Interpreting Histograms:
- Height of bar = frequency density
- Width of bar = class width
- Area of bar = frequency
From a histogram, you can estimate:
- the modal class (tallest bar)
- total frequency (sum of all areas)
- estimate of the mean (using midpoints)
Example:
The table shows the distribution of the lengths of rods (in cm). Find the Frequency densities
| Length (cm) | Frequency |
|---|---|
| 0 < l ≤ 5 | 6 |
| 5 < l ≤ 10 | 8 |
| 10 < l ≤ 20 | 10 |
| 20 < l ≤ 30 | 12 |
▶️ Answer/Explanation
Class widths
- 0–5 → width = 5
- 5–10 → width = 5
- 10–20 → width = 10
- 20–30 → width = 10
Frequency densities
- 0–5: \( \frac{6}{5} = 1.2 \)
- 5–10: \( \frac{8}{5} = 1.6 \)
- 10–20: \( \frac{10}{10} = 1.0 \)
- 20–30: \( \frac{12}{10} = 1.2 \)
Note: Frequency density helps construct histograms when class widths are unequal.
Example:
The table shows the time taken (in minutes) by a group of students to complete a task. Draw and Interpret the Histogram.
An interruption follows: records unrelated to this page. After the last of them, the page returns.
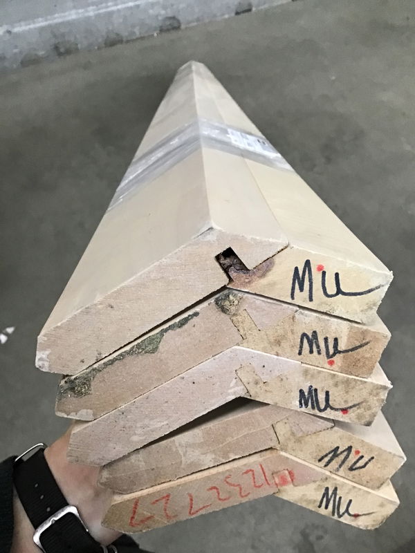 About 40 Linear Feet of ACM8 crown moulding in good shape. It's got a subtle coat to it, ready to be painted to match your kitchen or living room! Retails new for about $50 per 8 foot run, or $250 for the 40 feet here.
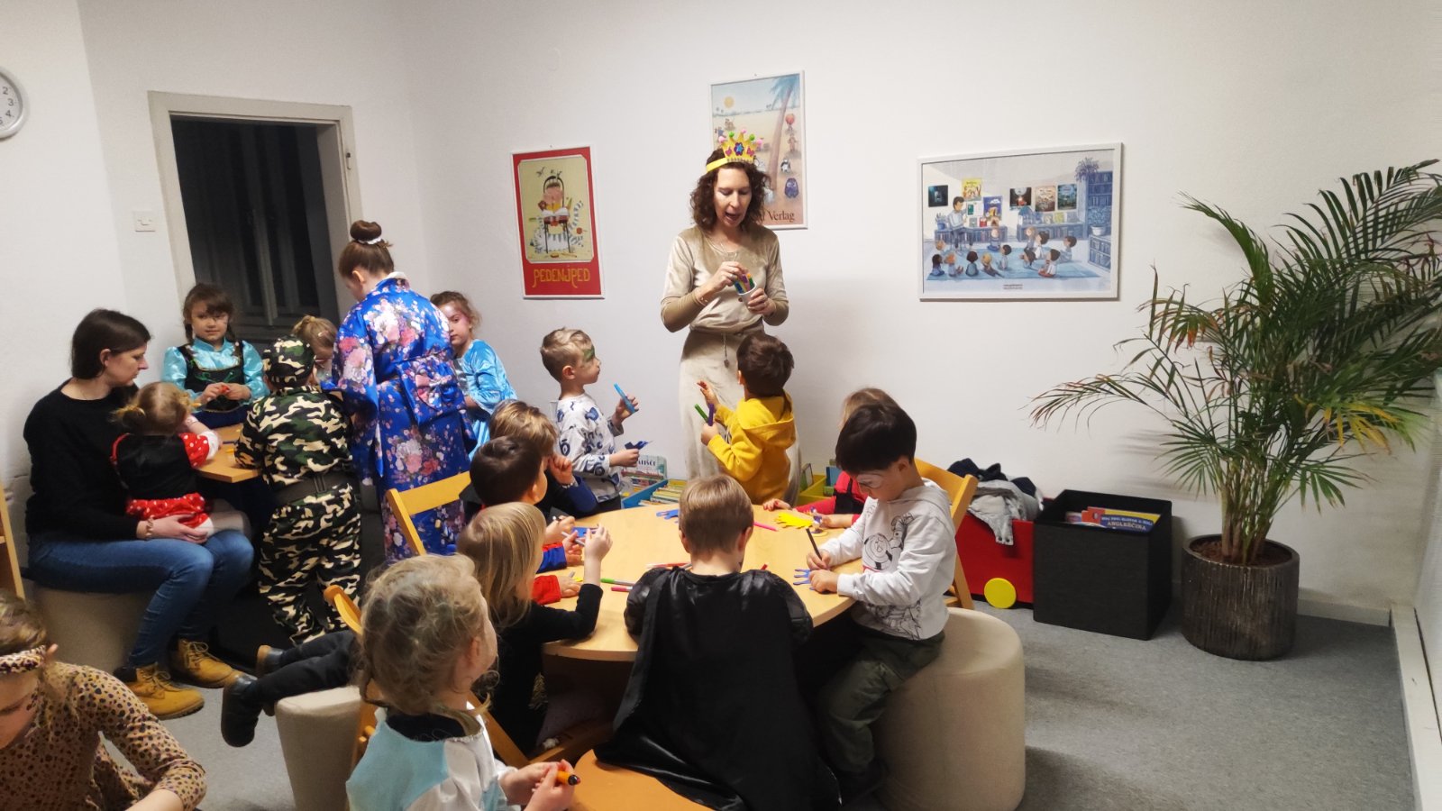 Na pustni torek, 17. februarja 2026, je bilo v Občinski knjižnici Tabor veselo in razigrano. Na pravljično urico so tokrat prišle same pustne šeme, male in velike.
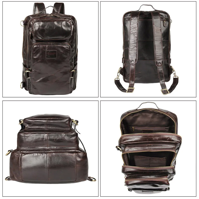 Buy Brand High Quality 100% Real Leather Men Travel bags Backpacks Double zipper Big capacity Cross Bod
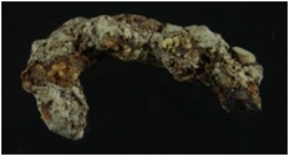 | Description / विवरण | Trench WAP 13, Qdt 4, layer 18, depth 310 cm It is an iron hook . Broken. Badly deformed. |
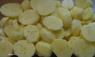 Картофель очистим от кожуры и нарежем кружочками. Будем выкладывать картофель в форму, каждый слой присыпая солью и через слой — молотым перцем. И так до самого верха формы.
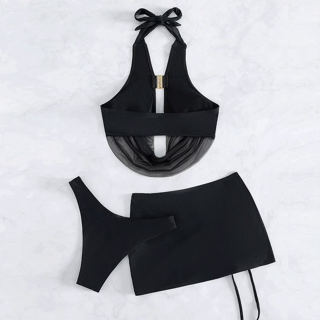 胸のドレープが優雅でセクシーなビキニ上下とドロストスカートの3点セットです。

| Time (minutes) | Frequency |
|---|---|
| 0 < t ≤ 10 | 6 |
| 10 < t ≤ 20 | 10 |
| 20 < t ≤ 30 | 14 |
| 30 < t ≤ 40 | 8 |
| 40 < t ≤ 60 | 12 |
▶️ Answer/Explanation
Step 1: Find class widths and frequency densities.
- 0–10: width = 10, FD = 6 ÷ 10 = 0.6
- 10–20: width = 10, FD = 10 ÷ 10 = 1.0
- 20–30: width = 10, FD = 14 ÷ 10 = 1.4
- 30–40: width = 10, FD = 8 ÷ 10 = 0.8
- 40–60: width = 20, FD = 12 ÷ 20 = 0.6
Step 2: Plot histogram.
- X-axis: Time intervals (0–10, 10–20, etc.)
- Y-axis: Frequency density
- Draw bars with widths equal to the class widths and heights equal to the frequency density.
Step 3: Interpretation
- Modal class: 20–30 (tallest bar, highest FD = 1.4)
- Total frequency: 6 + 10 + 14 + 8 + 12 = 50 students
Example:
The table shows the distribution of the ages of people attending a seminar.Find the estimated mean and draw, Interpret the Histogram.
| Age (years) | Frequency |
|---|---|
| 0 < a ≤ 10 | 5 |
| 10 < a ≤ 20 | 8 |
| 20 < a ≤ 40 | 12 |
| 40 < a ≤ 60 | 10 |
| 60 < a ≤ 80 | 5 |
▶️ Answer/Explanation
Step 1: Find class widths and frequency densities
- 0–10: width = 10, FD = 5 ÷ 10 = 0.5
- 10–20: width = 10, FD = 8 ÷ 10 = 0.8
- 20–40: width = 20, FD = 12 ÷ 20 = 0.6
- 40–60: width = 20, FD = 10 ÷ 20 = 0.5
- 60–80: width = 20, FD = 5 ÷ 20 = 0.25
Step 2: Estimate the mean
Use midpoints:
- 0–10 → midpoint = 5
- 10–20 → midpoint = 15
- 20–40 → midpoint = 30
- 40–60 → midpoint = 50
- 60–80 → midpoint = 70
Now calculate \( \sum fx \):
- $5 × 5 = 25$
- $8 × 15 = 120$
- $12 × 30 = 360$
- $10 × 50 = 500$
- $5 × 70 = 350$
Total frequency $= 5 + 8 + 12 + 10 + 5 = 40$
Total \( fx = 25 + 120 + 360 + 500 + 350 = 1355 \)
Estimated Mean = \( \dfrac{1355}{40} = \boxed{33.88 \text{ years}} \)
Step 3: Plot histogram
- X-axis: Age intervals
- Y-axis: Frequency densities
- Use calculated FDs and widths to draw each bar.